Open LindgeW opened 2 weeks ago

LindgeW commented 2 weeks ago

Hi, thanks for your nice work.

I have a question about your resampling trick in MIB. It seems that the parameters \mu and \sigma obtained from a neural encoder are free to learn without any constraints. As you know, for both VAE and VIB, they are generally restricted to a standard normal distribution (as prior distribution). I wonder whether such unconstrained optimization for \mu and \sigma is reasonable.

https://github.com/mfederici/Multi-View-Information-Bottleneck/blob/296fbb9b3827522ae46290eeeb849ef28e9ded73/utils/modules.py#L30

mfederici commented 2 weeks ago

Thank you for expressing interest in our work! We considered fixing sigma and learning only mu during the optimization phase. This works but the results are generally slightly worse. My intuition is that, with fixed sigma, the model cannot express varying degrees of uncertainty for different data points.

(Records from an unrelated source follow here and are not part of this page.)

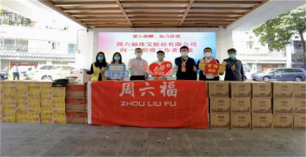 眾志成城抗疫情,愛心企業顯擔當。疫情防控的關鍵時刻,羅湖區工商聯會員企業周六福珠寶股份有限公司發揚「大愛羅湖」精神,主動踐行社會責任,向黃貝街道捐贈一批關愛物資,為抗擊疫情助力加油。作為羅湖的優秀企業代表,周六福始終不忘回饋社會,不遺餘力地履行社會責任,支持羅湖公益慈善事業的發展。本批關愛物資將在街道安排下分發給受疫情影響的居民和防疫工作人員。「作為羅湖的一份子,我們希望盡己所能,為居民獻上一點心意,為街道疫情防控工作貢獻綿薄之力。」周六福珠寶董事長李偉柱這樣說道。
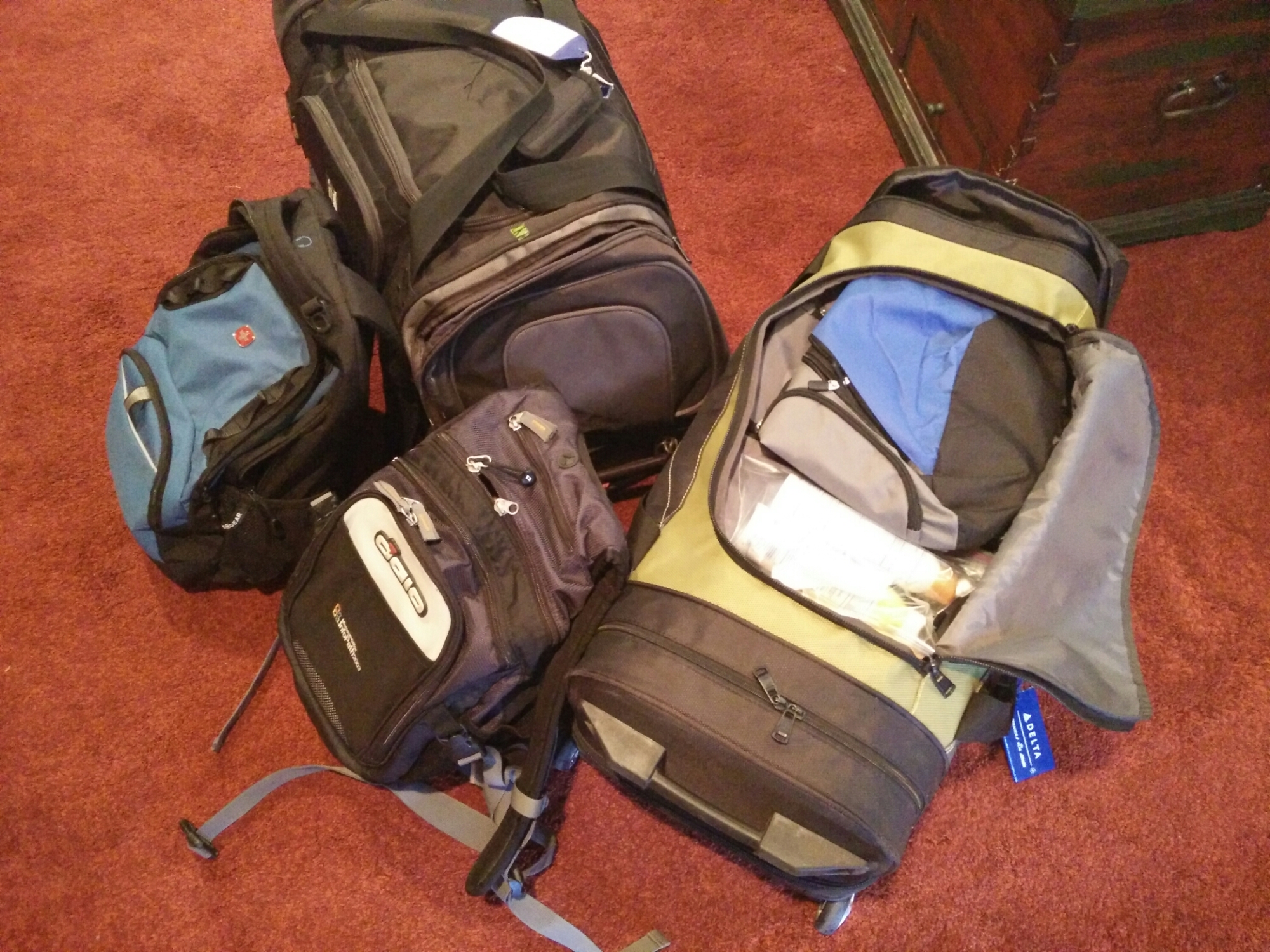 Two huge FUL brand bags (thank you, Costco!) for our “storage.” A backpack each for easy access to two days’ (is apostrophe correct? I never know.) worth of clothes. And, a daypack each for day-to-day hiking/outing use. All filled nearly to the brim.
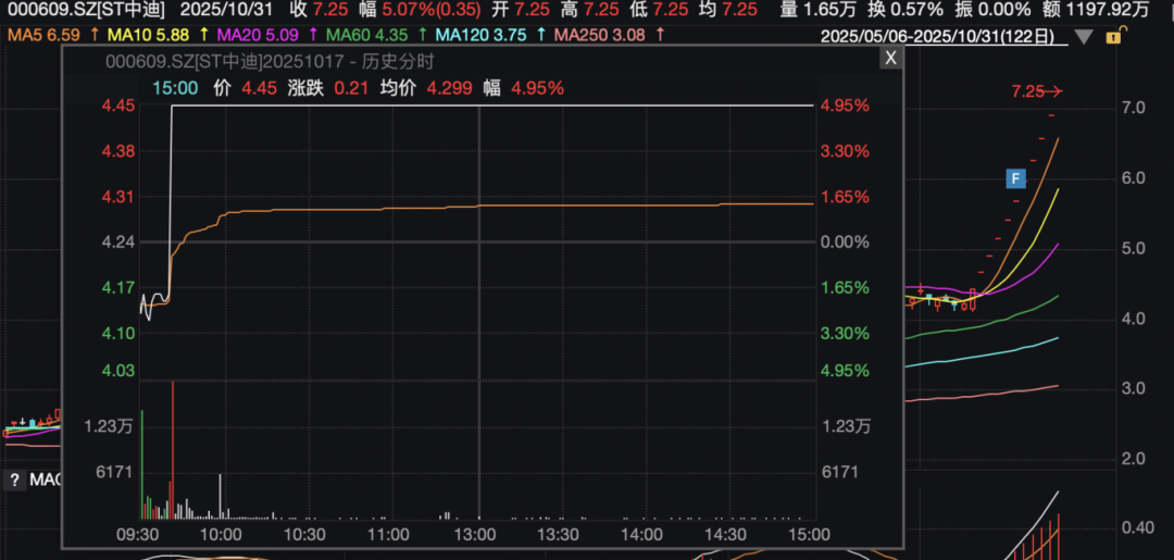 Wind行情数据显示,自10月17日公司股价盘中直线拉升涨停以来,ST中迪股价已经连续11个交易日涨停。
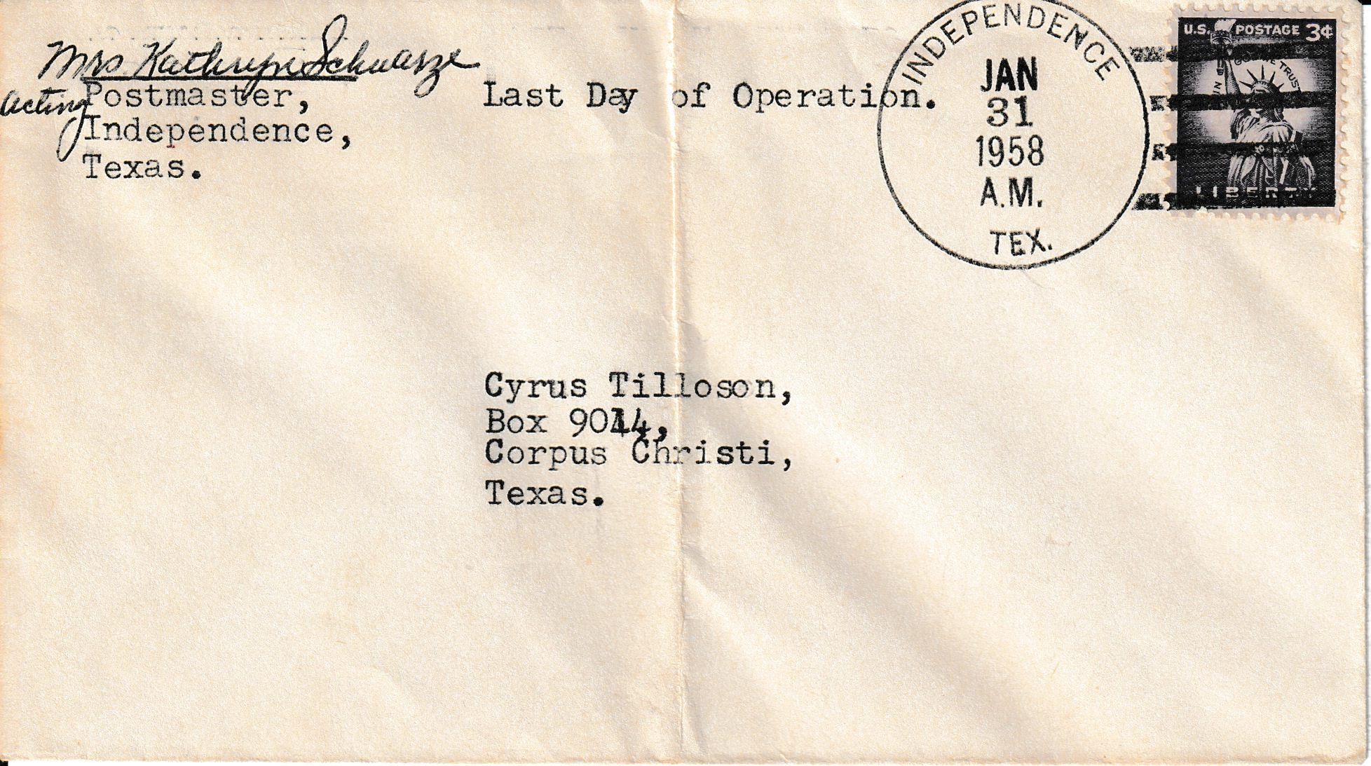 A “Last Day” cover postmarked on January 31, 1958, on the final day of business of the Independence Post Office. Signed by Mrs. Kathryn Schwarze, Acting Postmaster.Context
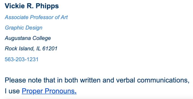 You are invited to use proper pronouns and if you need a way to explain proper pronouns you may link to this site. Here is an example of what that looks like:
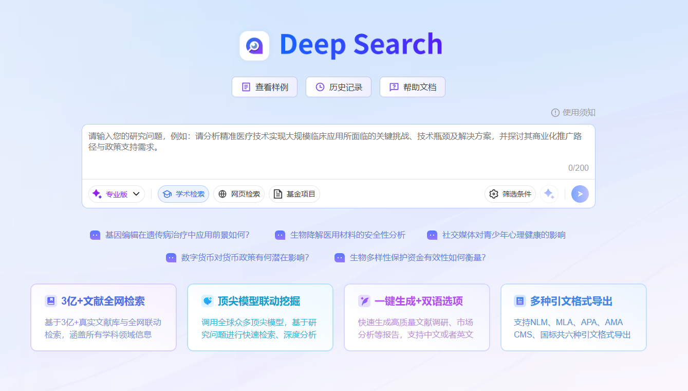 - 领域初探期:使用 Deep Search 输入研究方向,快速生成领域调研报告,把握全局态势,明确研究热点与空白,为课题立项提供支撑。
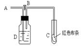 3、选择题 如图:A处通入氯气。关闭B阀时,C处红色布条无变化,打开B阀时,C处红色布条褪色。由此作出的判断正确的是(? )
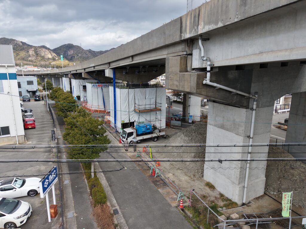 R7.12.26 播但連絡道路 橋梁耐震補強修繕工事(第7・6高架橋) 12月末進捗状況(P64~P57 本工事完了) 12月末進捗状況(P56~P48 本工事完了) 12月末進捗状況(P47~P40 橋梁補修工 施工中) 12月末進捗状況(P39~P37 橋脚巻立工 施工中) 12月末進捗状況(P36~P33 橋梁補修工 施工中) 12月末進捗状況(P30~P33 橋脚巻立工 施工中)
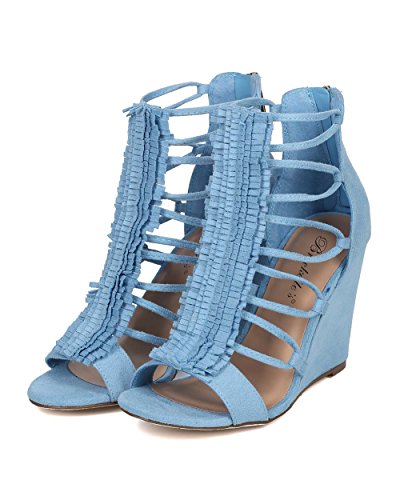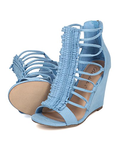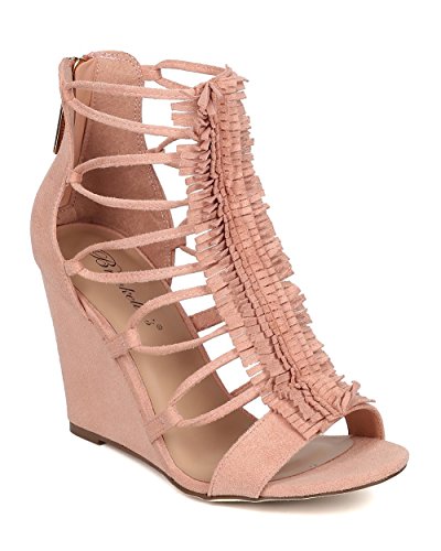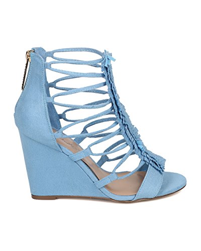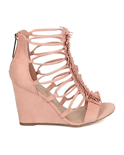 Women Open Toe Fringe Sandal - Layered Fringe Wedge - Caged Heel - GH98 By Breckelles

LindgeW commented 2 weeks ago

Thank you for expressing interest in our work! We considered fixing sigma and learning only mu during the optimization phase. This works but the results are generally slightly worse. My intuition is that, with fixed sigma, the model cannot express varying degrees of uncertainty for different data points.

Yeah, that's true. Have you tried to let the learned \mu and \sigma in MIB be restricted to follow a standard normal distribution N(0, 1) like VAE? The parameters \mu and \sigma (>0) for your MIB seem to be free to learn without any specialized constraints.